Design TikTok's Recommendation System | ML System Design

Introduction

In this article, we will delve into understanding TikTok's recommendation system. However, before diving in, it is essential to grasp the workflow of a typical machine learning system. Let's break it down.

The Workflow of a Typical Machine Learning System

Initially, we have a specific user-related dataset. Using this dataset, we can train a machine learning model. The model training considers certain hyperparameters based on the distribution of this dataset. Once trained, the model is deployed to production to serve users. Whenever a user sends a request, the model responds with predictions based on the input data provided by the user's request. This new user behavior data is appended to the original training dataset. Given that this dataset changes over time, the model needs retraining at regular intervals, depending on the use case.

Retraining the model every few minutes is impractical because training data often contains millions of examples. If a user watches certain types of videos, we aim to recommend similar videos shortly, but with this system, recommendations can only be updated at least after a day when the model is retrained. So, how does TikTok handle this problem?

TikTok's Machine Learning System

TikTok uses a deep learning framework called TensorFlow to implement machine learning algorithms for their recommendation system. TensorFlow internally creates a computation graph for a machine learning algorithm, containing nodes that represent arithmetic operations and edges that represent input data or model parameters.

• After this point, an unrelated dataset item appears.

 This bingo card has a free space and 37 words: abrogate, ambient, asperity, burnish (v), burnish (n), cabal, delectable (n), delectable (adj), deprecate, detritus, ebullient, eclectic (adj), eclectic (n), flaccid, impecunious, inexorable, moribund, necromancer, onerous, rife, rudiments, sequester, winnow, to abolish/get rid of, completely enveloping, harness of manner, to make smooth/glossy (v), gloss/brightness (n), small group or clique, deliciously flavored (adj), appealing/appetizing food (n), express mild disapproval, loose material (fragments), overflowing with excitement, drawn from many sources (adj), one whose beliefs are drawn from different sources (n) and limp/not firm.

Typically, TensorFlow stores the execution graph and the model parameters together. However, TikTok's recommendation system decouples this into two separate components:

Model Component: Contains the execution graph.
Parameter Component: Contains the values of the parameters, comprising weights, biases of the ML model, and personalized user embeddings. These embeddings represent each user on the platform, which are used to generate personalized recommendations.

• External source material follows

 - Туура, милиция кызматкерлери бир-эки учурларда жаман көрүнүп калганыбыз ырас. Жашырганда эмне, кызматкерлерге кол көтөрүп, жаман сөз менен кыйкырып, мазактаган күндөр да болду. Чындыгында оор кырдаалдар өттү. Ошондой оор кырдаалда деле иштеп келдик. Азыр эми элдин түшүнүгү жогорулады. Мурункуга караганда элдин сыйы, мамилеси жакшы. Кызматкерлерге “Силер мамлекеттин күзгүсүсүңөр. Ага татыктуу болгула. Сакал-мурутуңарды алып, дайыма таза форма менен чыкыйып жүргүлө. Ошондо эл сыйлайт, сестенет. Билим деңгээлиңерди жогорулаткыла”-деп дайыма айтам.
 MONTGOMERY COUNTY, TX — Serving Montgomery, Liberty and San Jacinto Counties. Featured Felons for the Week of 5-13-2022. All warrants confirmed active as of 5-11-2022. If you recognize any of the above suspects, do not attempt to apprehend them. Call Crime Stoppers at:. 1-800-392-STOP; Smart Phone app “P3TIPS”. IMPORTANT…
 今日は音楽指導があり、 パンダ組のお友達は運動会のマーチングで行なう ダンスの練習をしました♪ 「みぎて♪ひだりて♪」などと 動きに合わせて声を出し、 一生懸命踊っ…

The set of servers storing the model component is called the Model Server, and the set of servers storing the parameter component is called the Parameter Server.

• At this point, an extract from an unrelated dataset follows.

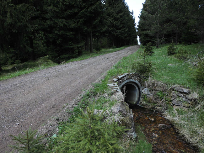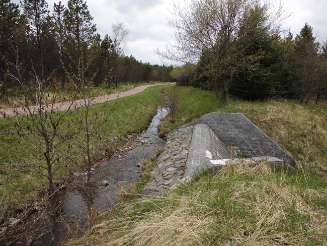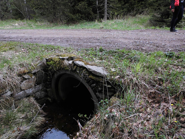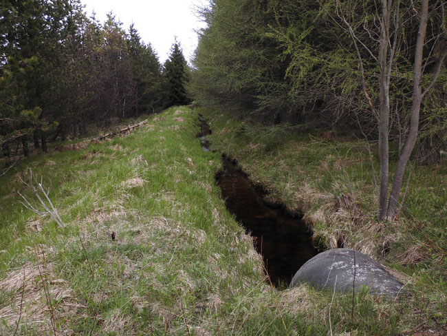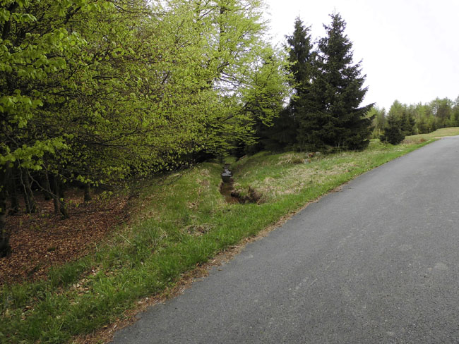 Die Drainagegräben vom Kahleberghang herab (hier von rechts) werden allesamt vom Graben „eingesammelt“. |

Design of TikTok's Recommendation System

TikTok's recommendation model involves two phases: the Training Phase and the Serving Phase.

Training Phase

In the training phase, the training dataset is converted into sets of mini-batches. These batches are sent to the model servers to train the machine learning recommendation algorithm. The parameters of these trained models are saved on the training parameter server.

Serving Phase

Once the model is trained, both the model servers and the parameter servers are copied and put into the serving phase, ready to serve users. Whenever a user requests video recommendations, the model generates a list of videos and returns them to the user.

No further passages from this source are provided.